Speculation has swirled for months that HP was no longer keen on keeping a PC business struggling with low growth and single-digit margins.

Sources told Reuters in June that private equity firms from Blackstone Group and Kohlberg Kravis Roberts to TPG Capital would like HP to break up and sell them some of its units, arguing that the world's No. 1 PC maker and tech powerhouse is stretched too thin.

Spinning off the PC division, run by personal systems group chief Todd Bradley, would mark one of the biggest makeovers for the company since 1999, when it spun off its measurement and components businesses to form Agilent Technologies.

The moves would turn a company that in some ways tried to mimic Apple into a devout follower of IBM, dropping a tablet with innovative software, checking out of the PC business and embracing the software and services Big Blue today embraces.

HP has twisted and turned before, including controversial former CEO Carly Fiorina's acquisition of PC maker Compaq in 2001, which a spinoff would undo.

"If HP spins off their PC business ..., maybe they will call it Compaq?" Dell Inc CEO tweeted after the news emerged.

Some alternatives HP is exploring include hiving off its PC business into a separate company through a spin-off or other transaction that would likely be tax-free to U.S. shareholders.
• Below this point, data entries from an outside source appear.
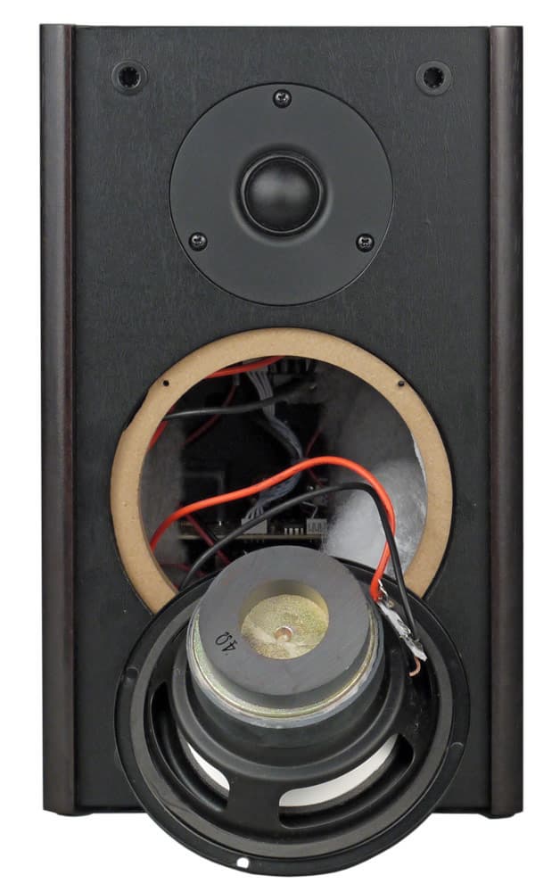 НЧ/СЧ-динамик имеет 9-сантиметровый бумажный диффузор на резиновом подвесе и сопротивление обмотки 6 Ом. Дюймовый купол твитера сделан из полупрозрачного дымчатого полимера, а вот какой-либо маркировки на корпусе нет. Места стыка обоих динамиков с панелью снабжены уплотнителями, а внутри колонок есть звукопоглощающий материал.
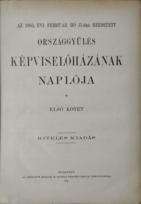 Az 1905. évi február hó 15-ére hirdetett Országgyűlés Képviselőházának naplója, I-II. (Egy kötetben)
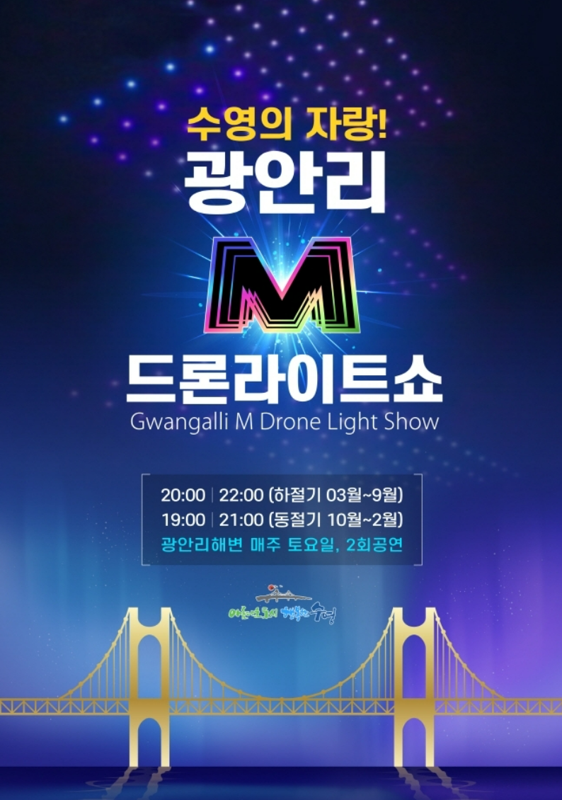 무려 300대 이상의 드론이 수놓는 불빛 아름다운 부산 밤바다와 반짝이는 광안대교 의 야경은 덤으로 보세요
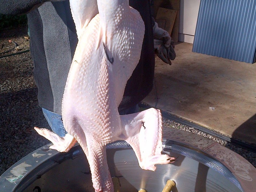 No, no bruising. You’re right – the fact that the animal has been bled means there should be no bruising. I did read one guy say that with the neck breaker he didn’t need to bleed his animals. However, I suspect that he’s either straight-up wrong or at least doesn’t use an automatic plucker. I plan on breaking their necks and then hanging them to bleed.

HP expects the process to be completed within 12-18 months.

Apotheker, however, made it clear that its printing unit -- also the target of spinoff speculation -- was very strategic to the company.
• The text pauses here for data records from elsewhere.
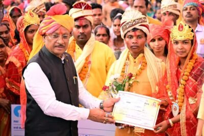 कार्यक्रम में नवदंपतियों को विवाह प्रमाण पत्र एवं उपहार सामग्री भी प्रदान की गई। इस अवसर पर उपस्थित जनप्रतिनिधियों ने भी नवविवाहित जोड़ों को शुभकामनाएं दी और योजना की सराहना की। यह आयोजन न केवल एक सामाजिक कार्यक्रम रहा, बल्कि शासन की जनकल्याणकारी सोच और समाज के कमजोर वर्गों के प्रति संवेदनशीलता का भी प्रतीक बना।
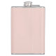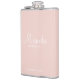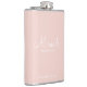 This flask features personalized bridesmaid's name in white modern script font style with title and wedding date in white modern sans serif font style on blush pink background.
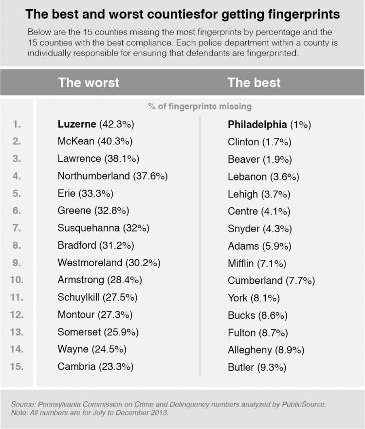 In 2013, 30,000 suspected criminals whose charges included sex crimes, assaults and murder were not fingerprinted by Pennsylvania police, according to state records.
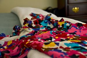 So far I’ve placed about 50 items into two lawn-size trash bags, destined for charity. I found many lumpy sweaters that I never wore before as well as a “springy” dress that I bought on a whim three years ago…and have not yet worn outside the privacy of my closet. Every time I put it on, I feel like an over-iced cupcake. Or a clown. I’ll file this one in the “what in the world was I thinking?” column.
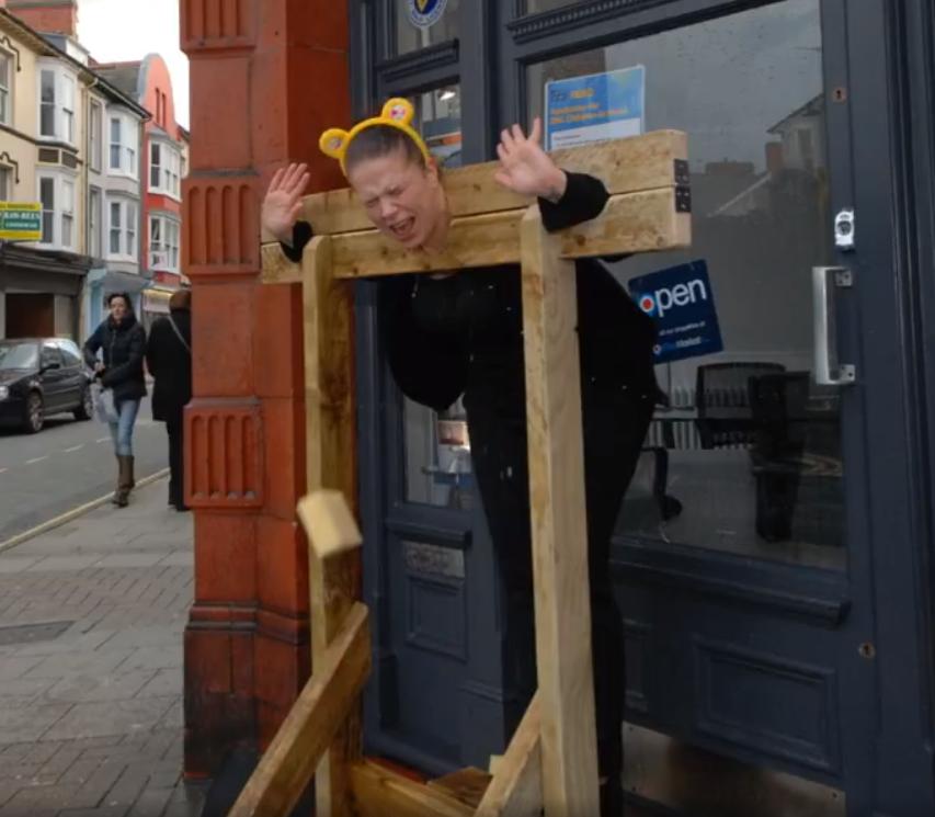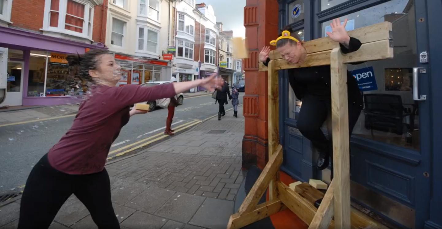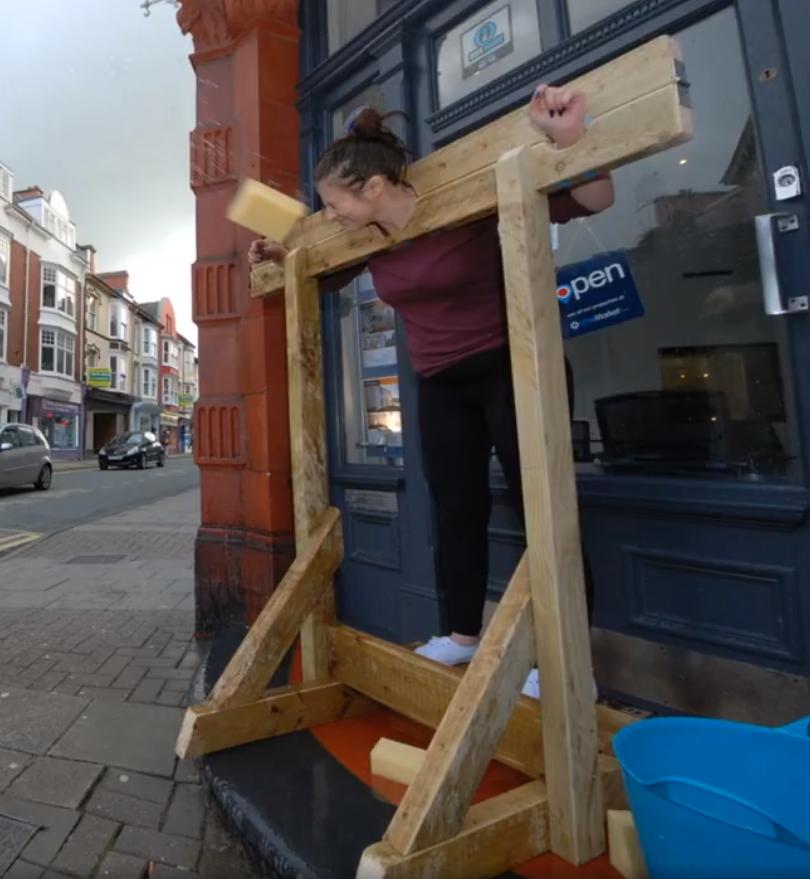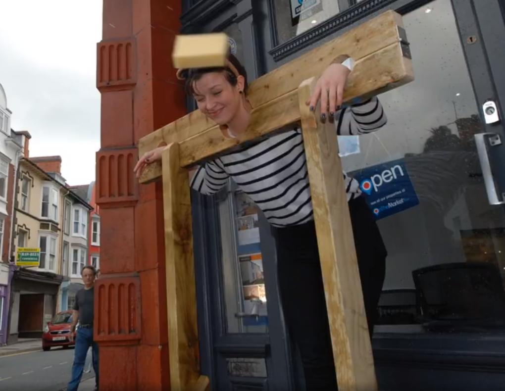 Estate agents are always a popular target for wet sponges. Here we see the staff at Alexanders Estate Agency raising funds for BBC Children in Need in Aberystwyth, Wales.

Apotheker, a former chief of European software giant SAP AG, had been expected to drive an expansion of the company's relatively small but very profitable software division -- including through major acquisitions.
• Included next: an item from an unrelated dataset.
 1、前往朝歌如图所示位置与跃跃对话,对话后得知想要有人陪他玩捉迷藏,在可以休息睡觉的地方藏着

Cambridge, England-based Autonomy counts Procter & Gamble Co among a long list of major corporate customers that use its software to search and organize unstructured data like emails. It said the offer values its fully diluted share capital at as much as 7.09 billion pounds ($11.7 billion), were a clutch of convertible bonds to be exercised. Under the agreement, Barclays Capital will provide debt financing to help bankroll HP's acquisition.

The British firm's CFO, Sushovan Hussain, is on a visit to California, a source told Reuters.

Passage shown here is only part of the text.